== Work to complete ==
Please repeat each line from the one holding "Tendance vers un" through the final line of the data, exactly as it stands, with no pictures.

== Collected data ==
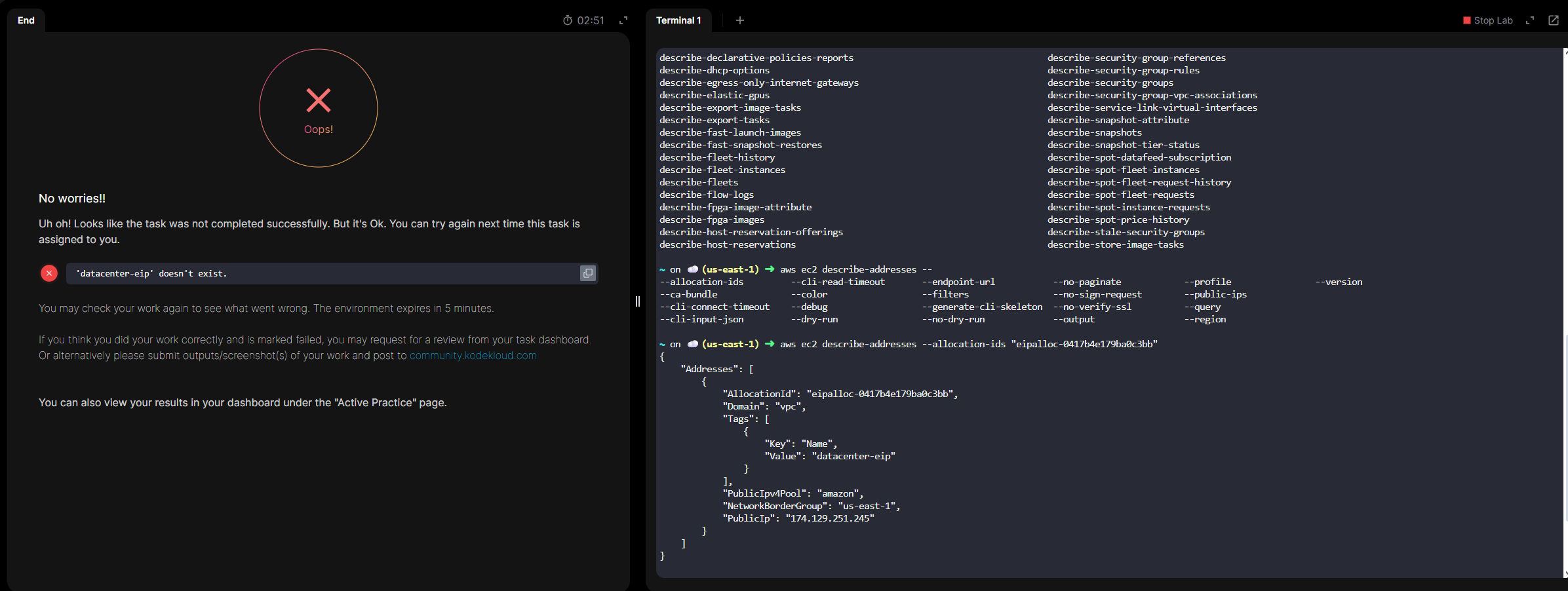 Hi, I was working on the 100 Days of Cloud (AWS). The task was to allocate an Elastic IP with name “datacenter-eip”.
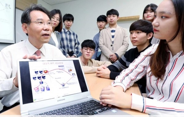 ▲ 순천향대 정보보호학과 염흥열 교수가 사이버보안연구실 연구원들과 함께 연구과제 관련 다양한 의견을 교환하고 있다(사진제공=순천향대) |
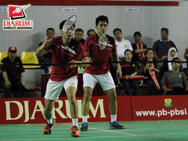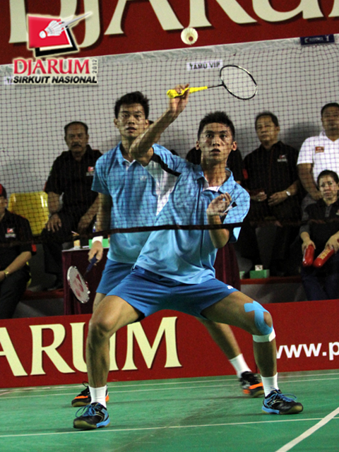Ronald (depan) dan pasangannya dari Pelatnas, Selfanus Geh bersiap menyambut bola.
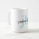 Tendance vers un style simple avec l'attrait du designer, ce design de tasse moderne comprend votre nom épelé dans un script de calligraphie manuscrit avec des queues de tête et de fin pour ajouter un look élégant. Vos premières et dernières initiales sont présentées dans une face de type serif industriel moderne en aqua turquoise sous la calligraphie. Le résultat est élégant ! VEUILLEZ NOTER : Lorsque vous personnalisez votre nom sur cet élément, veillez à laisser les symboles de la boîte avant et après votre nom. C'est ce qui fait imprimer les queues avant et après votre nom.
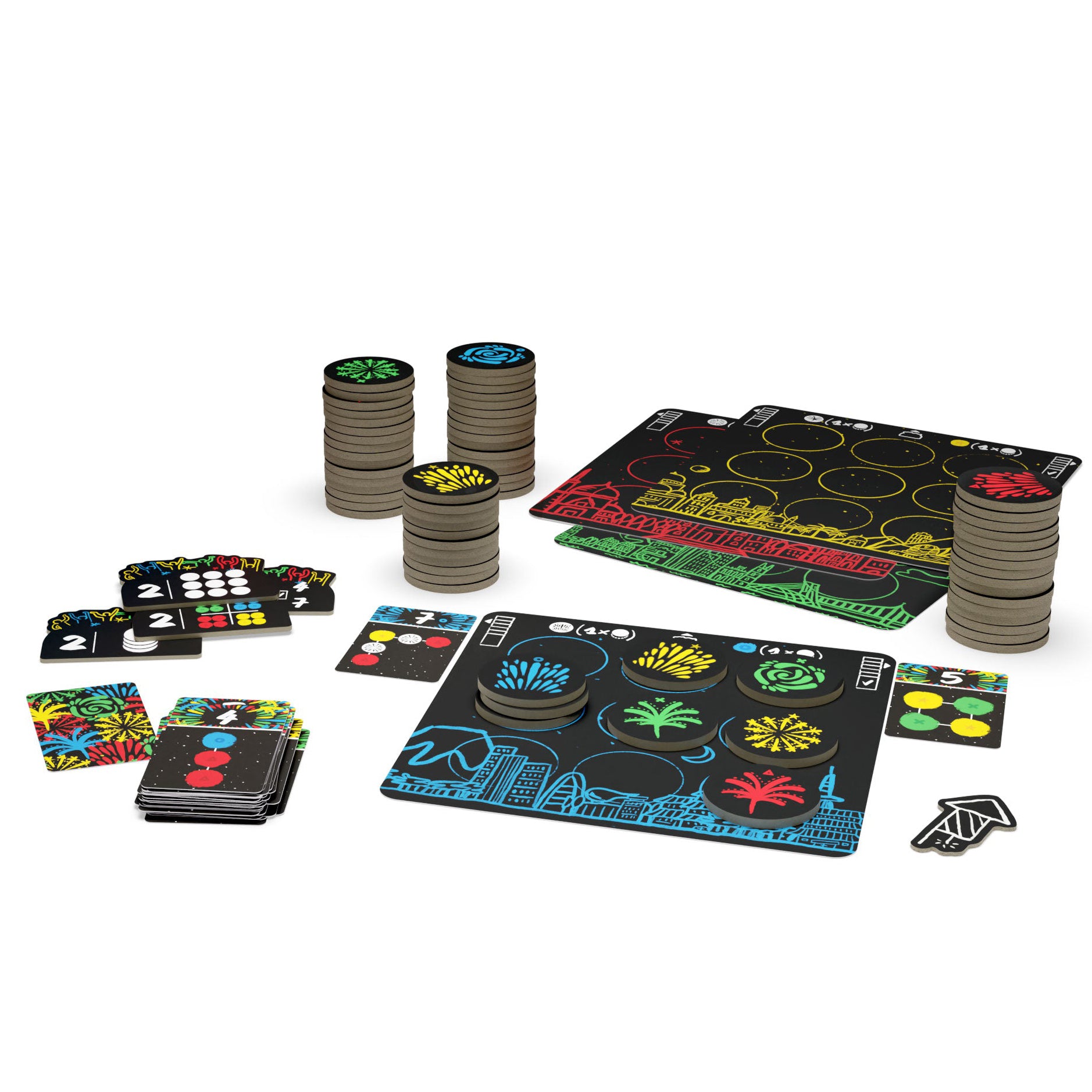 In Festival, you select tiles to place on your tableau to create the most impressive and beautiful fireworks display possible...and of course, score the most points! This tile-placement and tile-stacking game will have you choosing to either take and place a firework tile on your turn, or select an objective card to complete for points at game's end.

== Answer for this exercise ==
 Tendance vers un style simple avec l'attrait du designer, ce design de tasse moderne comprend votre nom épelé dans un script de calligraphie manuscrit avec des queues de tête et de fin pour ajouter un look élégant. Vos premières et dernières initiales sont présentées dans une face de type serif industriel moderne en aqua turquoise sous la calligraphie. Le résultat est élégant ! VEUILLEZ NOTER : Lorsque vous personnalisez votre nom sur cet élément, veillez à laisser les symboles de la boîte avant et après votre nom. C'est ce qui fait imprimer les queues avant et après votre nom.
 In Festival, you select tiles to place on your tableau to create the most impressive and beautiful fireworks display possible...and of course, score the most points! This tile-placement and tile-stacking game will have you choosing to either take and place a firework tile on your turn, or select an objective card to complete for points at game's end.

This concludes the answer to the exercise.